1 Introduction

Runoff from arctic coastal watersheds has long been characterized by a short season initiated by large snowmelt peakflows that decline rapidly to much lower runoff supplied by rainfall and storage in the active-layer and lake basins (Bowling et al., 2003; Kane & Yang, 2004; Marsh & Woo, 1981). Evapotranspiration (ET) can often exceed traditionally low rainfall amounts during the summer, leading to periods of extremely low flow and disconnectivity in smaller streams. While snowmelt-dominated runoff regimes and associated sharp peakflow events present hazards to infrastructure (Arp et al., 2020; Instanes et al., 2016), channel and floodplain soils are typically frozen and more resistant to erosion during this period (Beel et al., 2018; McNamara & Kane, 2009).

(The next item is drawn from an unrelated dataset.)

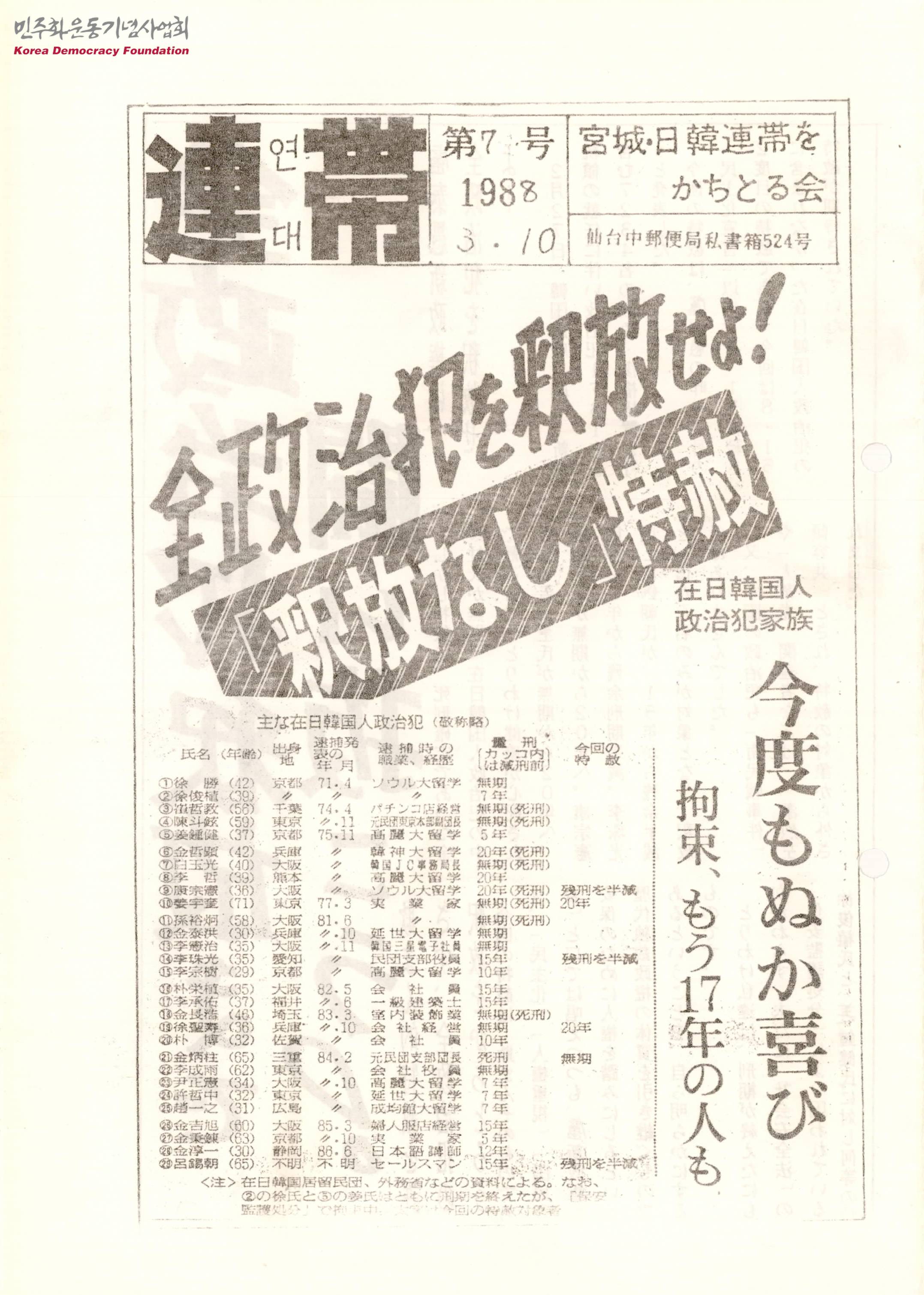 - 1988년 2월 27일 한국 정부 당국은 새 대통령 취임과 함께 정치범 1,731명을 포함한 7,234명에 대한 사면조치를 단행했으며 1987년 6월 민주화 선언 특사 때 포함되지 않았던 재일 한국인 정치범의 특사가 기대되었다는 내용, 하지만 본국의 정치범도 남민전 사건과 관련된 자 등은 열공으로 분류되어 특별 사면 대상에서 제외되었으니 기만적 사면을 허용하지 말고 모든 정치범의 석방을 쟁취하자는 내용 등이 수록된 문서

Accordingly, most hydrologic monitoring programs have focused on capturing snowmelt runoff events relative to watershed snowpacks (Kane & Yang, 2004) with more recent interest in summer lowflows and effects on aquatic habitat connectivity relative to changing climate and expected intensification of the hydrologic cycle (Arp et al., 2019; Rawlins et al., 2010).

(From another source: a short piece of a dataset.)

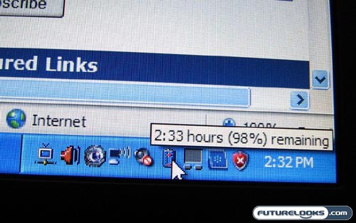 For all intents and purposes, I was able to get between 2:00 and 2:30 of battery life under normal use. The screen brightness was set at about 50%, the Wi-Fi was on, Bluetooth was off, and I was doing some mild web surfing. Your mileage will vary based on your use, but this is what I got out of the 3-cell battery. If you’re willing to fork out an extra $80 or so, MSI will outfit your Wind with a 6-cell battery instead.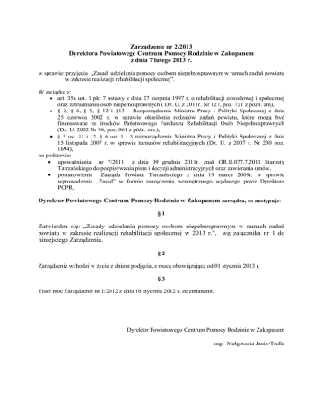 Zarządzenie nr 2/2013 Dyrektora Powiatowego Centrum Pomocy Rodzinie w Zakopanem z dnia 7 lutego 2013 r. w sprawie: przyjęcia „Zasad udzielania pomocy osobom niepełnosprawnym w ramach zadań powiatu w zakresie realizacji rehabilitacji społecznej”. W związku z: art. 35a ust. 1 pkt 7 ustawy z dnia 27 sierpnia 1997 r. o rehabilitacji zawodowej i społecznej oraz zatrudnianiu osób niepełnosprawnych ( Dz. U. z 2011r. Nr 127, poz. 721 z późn. zm), § 2, § 6, § 9, § 12 i §13 Rozporządzenia Ministra Pracy i Polityki Społecznej z dnia 25 czerwca 2002 r. w sprawie określenia rodzajów zadań powiatu, które mogą być finansowane ze środków Państwowego Funduszu Rehabilitacji Osób Niepełnosprawnych (Dz. U. 2002 Nr 96, poz. 861 z późn. zm.), § 5 ust. 11 i 12, § 6 ust. 1 i 3 rozporządzenia Ministra Pracy i Polityki Społecznej z dnia 15 listopada 2007 r. w sprawie turnusów rehabilitacyjnych (Dz. U. z 2007 r. Nr 230 poz. 1694), na podstawie: upoważnienia nr 7/2011 z dnia 09 grudnia 2011r. znak OR.II.077.7.2011 Starosty Tatrzańskiego do podpisywania pism i decyzji administracyjnych oraz zawierania umów, postanowienia Zarządu Powiatu Tatrzańskiego z dnia 19 marca 2009r. w sprawie wprowadzenia „Zasad” w formie zarządzenia wewnętrznego wydanego przez Dyrektora PCPR, Dyrektor Powiatowego Centrum Pomocy Rodzinie w Zakopanem zarządza, co następuje: §1 Zatwierdza się: „Zasady udzielania pomocy osobom niepełnosprawnym w ramach zadań powiatu w zakresie realizacji rehabilitacji społecznej w 2013 r.”, wg załącznika nr 1 do niniejszego Zarządzenia. §2 Zarządzenie wchodzi w życie z dniem podjęcia, z mocą obowiązującą od 01 stycznia 2013 r. §3 Traci moc Zarządzenie nr 1/2012 z dnia 16 stycznia 2012 r. ze zmianami. Dyrektor Powiatowego Centrum Pomocy Rodzinie w Zakopanem mgr Małgorzata Janik-Trella Załącznik nr 1 do Zarządzenia nr 2/2013 Dyrektora Powiatowego Centrum Pomocy Rodzinie w Zakopanem z dnia 07 lutego 2013 r. Zasady udzielania pomocy osobom niepełnosprawnym w ramach zadań powiatu w zakresie realizacji rehabilitacji społecznej w 2013 r. Na podstawie: Art 35a ust.1,2 ustawy z dnia 27 sierpnia 1997 r. o rehabilitacji zawodowej i społecznej oraz zatrudnianiu osób niepełnosprawnych (Dz. U. z 2011r. Nr 127, poz. 721 z późn. zm), § 6, § 9, ust. 1 i § 13 ust. 4 Rozporządzenia Ministra Pracy i Polityki Społecznej z dnia 25 czerwca 2002 r. w sprawie określenia rodzajów zadań powiatu, które mogą być finansowane ze środków Państwowego Funduszu Rehabilitacji Osób Niepełnosprawnych (Dz. U. z 1 lipca 2002 r. nr 96, poz. 861 z późn. zm.), § 5 ust. 11 i 12, § 6 ust. 1 i 3 rozporządzenia Ministra Pracy i Polityki Społecznej z dnia 15 listopada 2007 r. w sprawie turnusów rehabilitacyjnych (Dz. U. z 2007 r. Nr 230 poz. 1694), ustala się zasady udzielania pomocy osobom niepełnosprawnym w ramach następujących zadań powiatu w zakresie realizacji rehabilitacji społecznej, I. LIKWIDACJA BARIER 1. LIKWIDACJA BARIER ARCHITEKTONICZNYCH - dofinansowanie do likwidacji barier architektonicznych nie przysługuje, jeżeli podmiot ubiegający się o dofinansowanie ma zaległości wobec Funduszu lub podmiot ten był w ciągu trzech lat przed złożeniem wniosku, stroną umowy o dofinansowanie ze środków Funduszu, rozwiązanej z przyczyn leżących po stronie tego podmiotu, - dofinansowanie likwidacji barier architektonicznych, w komunikowaniu się i technicznych przysługuje oddzielnie na każdy rodzaj zadania, - dofinansowanie nie może obejmować kosztów realizacji zadania poniesionych przed przyznaniem środków finansowych i zawarciem umowy o dofinansowanie ze środków Funduszu, - wysokość dofinansowania likwidacji barier architektonicznych wynosi do 80% kosztów przedsięwzięcia, nie więcej jednak niż do wysokości piętnastokrotnego przeciętnego wynagrodzenia, O dofinansowanie mogą ubiegać się osoby niepełnosprawne: z dysfunkcją narządu ruchu poruszające się na wózkach inwalidzkich, po amputacji lub ze znaczną dysfunkcją kończyn dolnych, poruszające się samodzielnie lub przy pomocy urządzeń pomocniczych, w niżej wymienionym zakresie rzeczowym: 1. budowa pochylni zapewniającej samodzielny dostęp do pomieszczeń budynku wraz - z oporęczowaniem, 2. 3. 4. 5. 6. 7. 8. 9. wykonanie dojścia do budynku mieszkalnego od bramy wjazdowej do drzwi wejściowych do mieszkania (chodnik o powierzchni nie powodującej poślizgu, np. z betonu, kostki brukowej; o szerokości do 1,5m), zakup i montaż urządzeń do transportu pionowego (podnośnik, platforma schodowa, krzesełko dźwigowe, winda przyścienna itp.) zakup transportera schodowego, zakup i montaż podnośnika sufitowego, zakup i montaż poręczy i uchwytów w ciągach komunikacyjnych, likwidacja progów wraz z ewentualną wymianą drzwi, wymiana wykładziny podłogowej na antypoślizgową, wykonanie podłogi drewnianej (z desek) lub wylewki, tylko w sytuacji gdy dotychczasowa podłoga zagraża bezpieczeństwu osoby niepełnosprawnej, 10. zakup i montaż drzwi wejściowych o szerokości w świetle minimum 90 cm, pozostałych drzwi min. 80 cm w przypadku, gdy wymiana drzwi spowodowana jest koniecznością poszerzenia otworów drzwiowych, 11. zakup i montaż drzwi przesuwnych, dla wnioskodawców poruszających się na wózku inwalidzkim, 12. zakup i zainstalowanie systemu automatycznego otwierania drzwi, w tym drzwi do i bramy, jeżeli wnioskodawca posiada i prowadzi samodzielnie samochód, 13. wykonanie ogrzewania gazowego, olejowego lub elektrycznego (dla Wnioskodawców mieszkających samotnie lub z inną osobą niepełnosprawną, niezdolną do pomocy Wnioskodawcy) lub zakup grzejnika olejowego lub elektrycznego, 14.budowa przyłączy wodociągowych lub kanalizacyjnych w przypadku adaptacji pomieszczenia na pomieszczenie higieniczno-sanitarne, 15. dostosowania łazienki do potrzeb Wnioskodawcy: a) wymiana urządzeń sanitarnych na przystosowane do potrzeb Wnio

Large summer rainfall-runoff events are traditionally rare on the Arctic Coastal Plain of northern Alaska (ACP) (Kane et al., 2003) but are potentially most effective at moving sediment and reshaping channels (McNamara & Kane, 2009). Extreme rainfall-generated floods have occurred in arctic foothills watersheds, yet similar weather systems have failed to produce comparable responses in coastal watersheds (Kane et al., 2003). Coastal plain hydrological studies have focused on calculating watershed water balance from networks of intensive hydrometrological stations, which are then compared to discharge records (Kane et al., 1991; Kane & Yang, 2004), suggesting that 60–80% of runoff typically comes from snowpack with antecedent surface storage playing an important role in runoff efficiency from year to year (Bowling et al., 2003; Stuefer et al., 2017).

Research into source-water contribution to runoff events shows that old storage water can accompany snowmelt according to both graphical and chemical tracer end-member hydrograph separation techniques (McNamara et al., 1997). Using natural tracers in arctic systems, such as hydrogen and oxygen isotopes or specific conductance, is often challenging because of similarities between snow, active layer, and permafrost water signatures and high variability in storm-track rainfall signatures. Graphical hydrograph separation in temperate watersheds with continuous baseflow is often considered subjective in isolating stormwater from groundwater contributions (Sujono et al., 2004). However, in small- to medium-sized continuous permafrost watersheds where flow initiates almost entirely from snowmelt, the removal of groundwater baseflow simplifies graphical separation approaches, allowing for useful analyses of hydrographs from year to year and among basins (Woo et al., 2008). This assumption of minor groundwater contributions to early season flows may become less viable, however, as recent arctic hydrology models suggest increasing groundwater contributions to foothills watersheds (Rawlins et al., 2019; Zheng et al., 2019) and from coastal plain active layers (Connolly et al., 2020).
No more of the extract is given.